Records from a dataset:

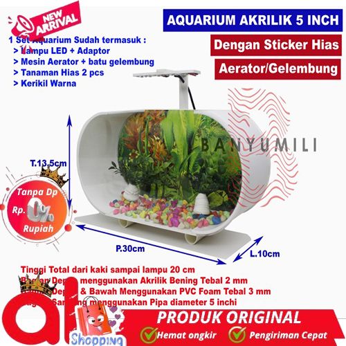 READY- AQUARIUM AKRILIK MURAH 5 INCHI FULL SET + POMPA AERATOR + BATU GELEMBU - PUTIH, DENGAN AERATOR
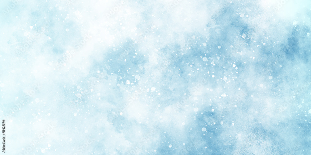 The watermark will not be included on Wall mural.: A winter background with snowflakes and randomized floating bokeh, blue snow background with clouds,
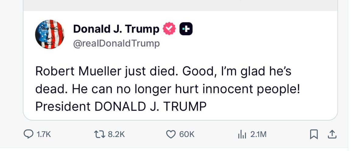 7. Example 100 billion of Trump just making crap up: President Trump claimed to reporters twice in one day that he had spoken to a former president who praised his war with Iran, saying: “I wish I did what you did.” No. Just no.
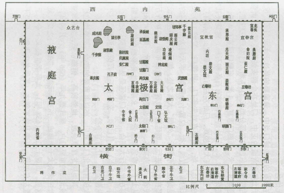 西內太極宮 太極宮建于隋初。隋稱大興宮,唐睿宗景云元年(710年),改稱太極宮。因其為唐京的正宮,故又稱京大內。唐太極宮實際上是太極宮、東宮、掖庭宮的總稱,位于唐長安城中央的最北部。據考古實測并參考文獻記載可知,宮城東西寬2830.3米,南北長1492.1米。其中掖庭宮寬。702.5米,太極宮寬1285米,東宮寬832.3米,是一東西長,南北短的長方形。宮城的北墻即是外郭城的北墻的一部分,西墻則與今西安城的西城墻在同一直線上,其南段為西安城西墻的北部所壓;南墻則在今西安城內西五路以南80米處,今之“西五臺”恰在宮城南墻之上;東墻的位置在今西安城內革命公園的西端,向北經尚平路一帶。宮城南面隔橫街與皇城相望,北面為'西內苑,東墻外為興安門街,西墻外為芳林門街,宮城中太極宮、東宮、掖庭官南北宮墻長度“相齊”,即南北宮墻長度相同。
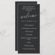 Un programme de fête d'anniversaire noir mat avec des polices élégantes et un script de calligraphie délicat écrit bienvenue en haut du programme. Ajoutez votre programme, la date et le nom de la personne qui célèbre son anniversaire. Propre, simple, intemporel et élégant.
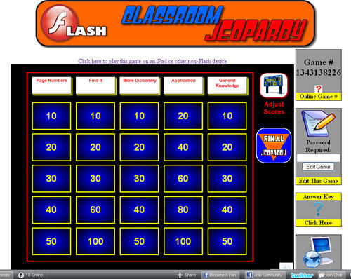 Click the following link and enter the data to play online (also includes iPad or non-flash version): http://www.superteachertools.com/jeopardy/usergames/Jul201230/game134313… Here is the link to the answer key with the questions and answers below: http://www.superteachertools.com/jeopardy/answerkey.php?game=1343138226
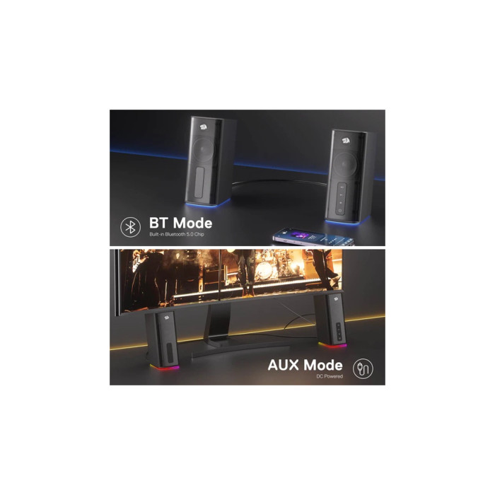 Акустична система Redragon Connie GS814 RGB Bluetooth Black (71987) - це досконале поєднання функціональності, стильного дизайну та найвищої якості звуку. Ця полична акустична система, що підходить для комп'ютера, надає нове значення вашим ігровим та мультимедійним враженням завдяки потужності у 20 Вт та відмінному стереозвуку.
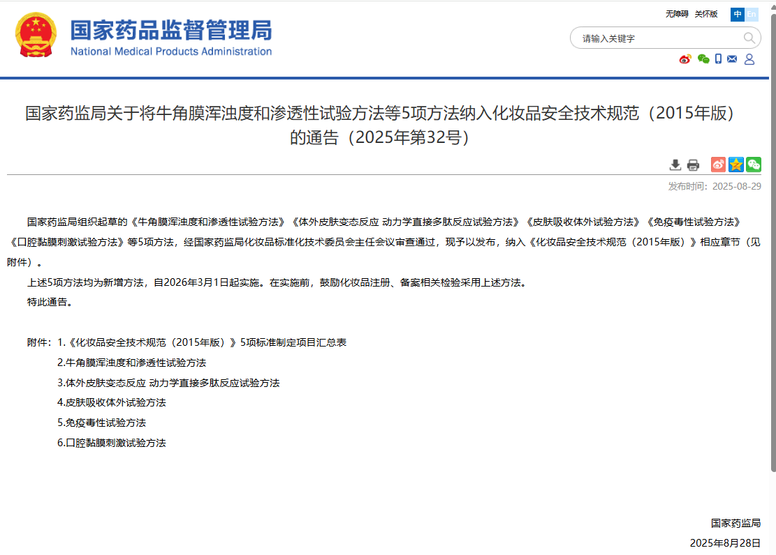 国家药监局关于将牛角膜浑浊度和渗透性试验方法等5项方法纳入化妆品安全技术规范(2015年版) 的通告(2025年第32号)
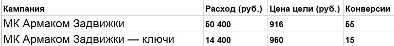 Помимо этого, мы сменили формат работы с МК: в качестве целей были не только «лиды», но и редкие «заявки с сайта». Благодаря вторым, мы получили небольшое количество лидов по 0 рублей.
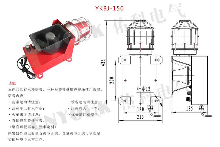 YKBJ-100语音声光报警器是我公司技术人员根据用户之所需,在原有四种报警器的基础上新开发的一种最新产品,是输煤系统起动、铁路道口及大型设备行走报警的最佳产品。其优点集语音、声、光于一体,并可直接接入交流220V电源工作,改变了原来只有声或只有光的缺陷。
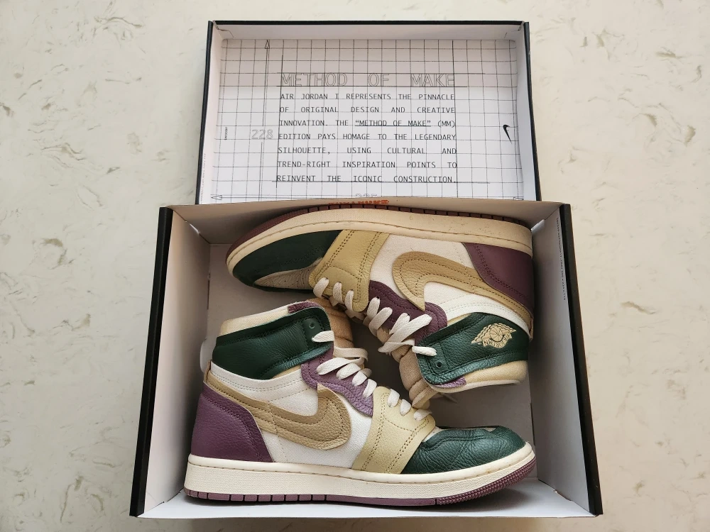 Women's Air Jordan High 1 MM Glactic Gade, Sail, Sky J Mauve, and Desert with a mix of premium leather overlays and soft, textured canvas or textile materials. They come with the original box!
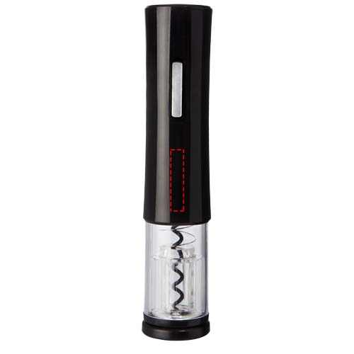 Electric wine opener that features a foil cutter. It works with 4 AA batteries (not included).

• **EXERCISE REQUIREMENTS**
Start at the top of the entries and repeat each line exactly, ending at the line that contains "Click the following". Pictures are not part of the copy.

• **EXPECTED OUTPUT**
 READY- AQUARIUM AKRILIK MURAH 5 INCHI FULL SET + POMPA AERATOR + BATU GELEMBU - PUTIH, DENGAN AERATOR
 The watermark will not be included on Wall mural.: A winter background with snowflakes and randomized floating bokeh, blue snow background with clouds,
 7. Example 100 billion of Trump just making crap up: President Trump claimed to reporters twice in one day that he had spoken to a former president who praised his war with Iran, saying: “I wish I did what you did.” No. Just no.
 西內太極宮 太極宮建于隋初。隋稱大興宮,唐睿宗景云元年(710年),改稱太極宮。因其為唐京的正宮,故又稱京大內。唐太極宮實際上是太極宮、東宮、掖庭宮的總稱,位于唐長安城中央的最北部。據考古實測并參考文獻記載可知,宮城東西寬2830.3米,南北長1492.1米。其中掖庭宮寬。702.5米,太極宮寬1285米,東宮寬832.3米,是一東西長,南北短的長方形。宮城的北墻即是外郭城的北墻的一部分,西墻則與今西安城的西城墻在同一直線上,其南段為西安城西墻的北部所壓;南墻則在今西安城內西五路以南80米處,今之“西五臺”恰在宮城南墻之上;東墻的位置在今西安城內革命公園的西端,向北經尚平路一帶。宮城南面隔橫街與皇城相望,北面為'西內苑,東墻外為興安門街,西墻外為芳林門街,宮城中太極宮、東宮、掖庭官南北宮墻長度“相齊”,即南北宮墻長度相同。
 Un programme de fête d'anniversaire noir mat avec des polices élégantes et un script de calligraphie délicat écrit bienvenue en haut du programme. Ajoutez votre programme, la date et le nom de la personne qui célèbre son anniversaire. Propre, simple, intemporel et élégant.
 Click the following link and enter the data to play online (also includes iPad or non-flash version): http://www.superteachertools.com/jeopardy/usergames/Jul201230/game134313… Here is the link to the answer key with the questions and answers below: http://www.superteachertools.com/jeopardy/answerkey.php?game=1343138226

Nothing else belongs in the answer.